Data for processing: Begin
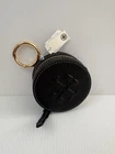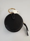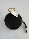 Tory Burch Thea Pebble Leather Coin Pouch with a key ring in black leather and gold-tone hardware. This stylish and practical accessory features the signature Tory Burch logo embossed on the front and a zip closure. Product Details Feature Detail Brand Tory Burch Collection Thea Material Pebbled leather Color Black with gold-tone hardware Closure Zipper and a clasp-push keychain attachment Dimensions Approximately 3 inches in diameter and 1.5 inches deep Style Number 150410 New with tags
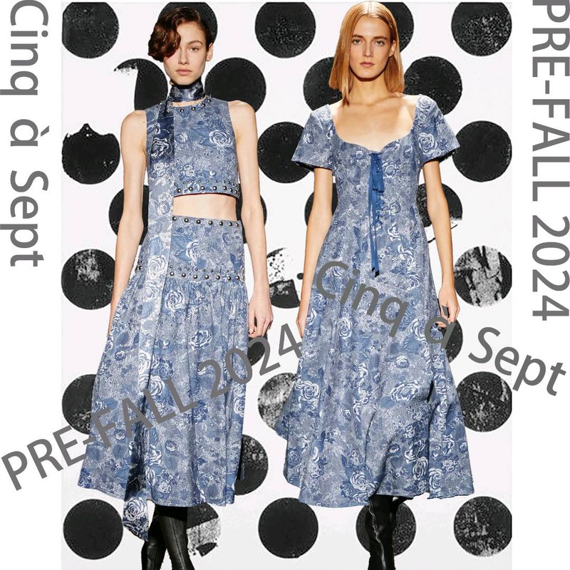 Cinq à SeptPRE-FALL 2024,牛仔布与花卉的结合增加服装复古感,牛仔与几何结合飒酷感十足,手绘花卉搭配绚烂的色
Data for processing: End
Data for processing: Begin
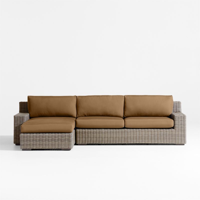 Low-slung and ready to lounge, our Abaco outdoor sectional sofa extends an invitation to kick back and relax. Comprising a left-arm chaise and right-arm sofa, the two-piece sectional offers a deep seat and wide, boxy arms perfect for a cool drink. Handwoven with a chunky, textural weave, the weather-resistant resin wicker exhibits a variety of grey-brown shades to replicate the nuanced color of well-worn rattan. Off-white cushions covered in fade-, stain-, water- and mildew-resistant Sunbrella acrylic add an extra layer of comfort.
Data for processing: End
◆ **Work to complete**
Output should consist of the lines above from the one with "Tory Burch Thea" down to the one with "Cinq à SeptPRE-FALL", exact and without pictures.

◆ **Task response**
 Tory Burch Thea Pebble Leather Coin Pouch with a key ring in black leather and gold-tone hardware. This stylish and practical accessory features the signature Tory Burch logo embossed on the front and a zip closure. Product Details Feature Detail Brand Tory Burch Collection Thea Material Pebbled leather Color Black with gold-tone hardware Closure Zipper and a clasp-push keychain attachment Dimensions Approximately 3 inches in diameter and 1.5 inches deep Style Number 150410 New with tags
 Cinq à SeptPRE-FALL 2024,牛仔布与花卉的结合增加服装复古感,牛仔与几何结合飒酷感十足,手绘花卉搭配绚烂的色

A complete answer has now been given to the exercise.